Stem cell-derived organoid cultures and genome editing tools

Cell Gene Therapy Insights 2015; 1(2), 243-251.

10.18609/cgti.2015.019

Published: 9 December 2015
Innovator Insight
Amanda Andersson-Rolf, Bon-Kyoung Koo

The term stem cell was first used in the late 19th century to describe ‘the ancestor’ unicellular organism, the origin from which all multicellular organisms evolved. Our definition today is that of a cell characterized by two properties: self-renewal (the capacity to generate new stem cells) and multipotency (the ability to differentiate into different cell lineages) [1–4]. Due to these characteristics, stem cells hold great potential for clinical use by providing an unlimited source of cells for cell therapy in regenerative and/or personalized medicine. To realize this potential, the development of stem cell culture systems, as well as stem cell genome editing tools, has been of paramount importance. Here, recent advances in culture systems and genome editing tools will be discussed. This Expert Insight will provide an overview of current, state-of-the-art stem cell culture systems, with a focus on the recent progress in 3D tissue culture of both embryonic and adult stem cells, as well as the genome editing tools present today. Finally, we will discuss how stem cell and genome editing technologies can be combined to gain insights into human development and disease, and to fulfil the promises of stem cell research in the clinic.

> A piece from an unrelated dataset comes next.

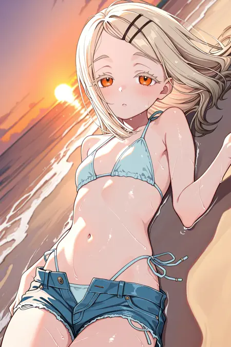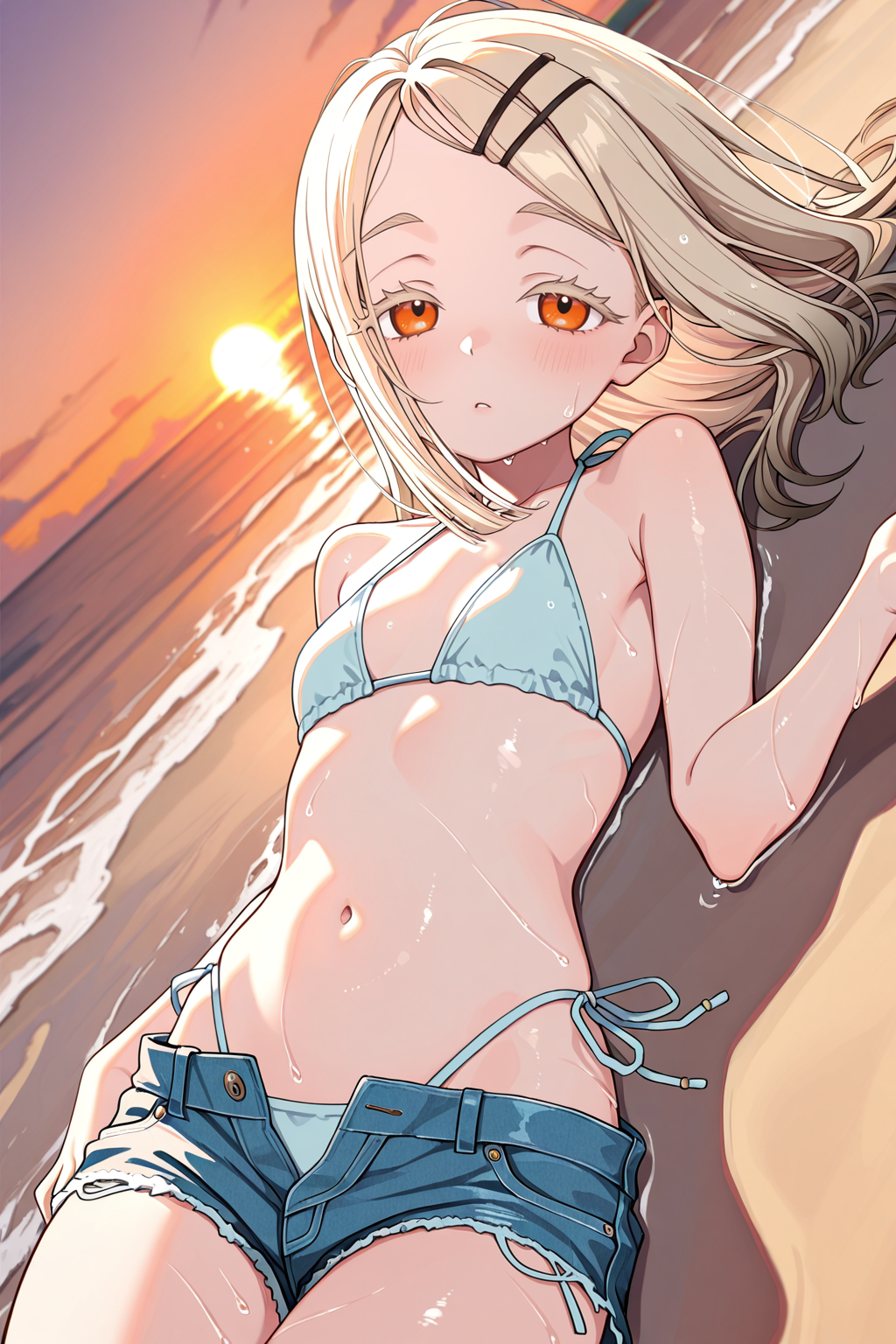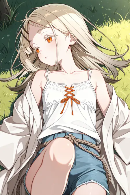 캐미솔, 클라비컬 뼈, 청바지 반바지, 로브, 로프 벨트, 짧은 반바지, 흰 캐미솔, 흰 로브

Submitted for review: Aug 26 2015 Published: Dec 10 2015; DOI: 10.18609/cgti.2015.019

Pluripotent stem cells & organoid culture

Since the existence of pluripotent stem cells (PSCs) was definitively proven, there have been many groundbreaking achievements. Principally, three main steps have advanced the field. First is the establishment of mouse and human embryonic stem cell (ESC) cultures. In 1981, Evans and Martin derived mouse ESCs (mESCs), which retained pluripotency through culture on feeder cells, from the inner cell mass of the mouse blastocyst [5,6]. Leukemia inhibitory factor (LIF) was then identified as a key factor for maintaining pluripotency during long-term, feeder-free culture of mESCs [7,8]. Human ESCs (hESCs) were derived a decade later [9], and in 2014, two groups reported conditions allowing the culture of naïve hESCs closely resembling mouse naïve cells [10,11].

The second achievement addressed most ethical concerns surrounding the use of fertilized human embryos to generate pluripotent human cells. In 2006, Professor Shinya Yamanka generated induced pluripotent stem cells (iPSCs) – an equivalent of ESCs – from mouse somatic cells by inducing the expression of four transcription factors: Oct4, Sox2, Klf4 and c-Myc [12]. A year later, the successful generation of human iPSCs was reported [13]. Today, iPSCs can be generated from many different species, and a series of protocols for the differentiation of ESCs and iPSCs into a diverse range of specific cell types has been established [14].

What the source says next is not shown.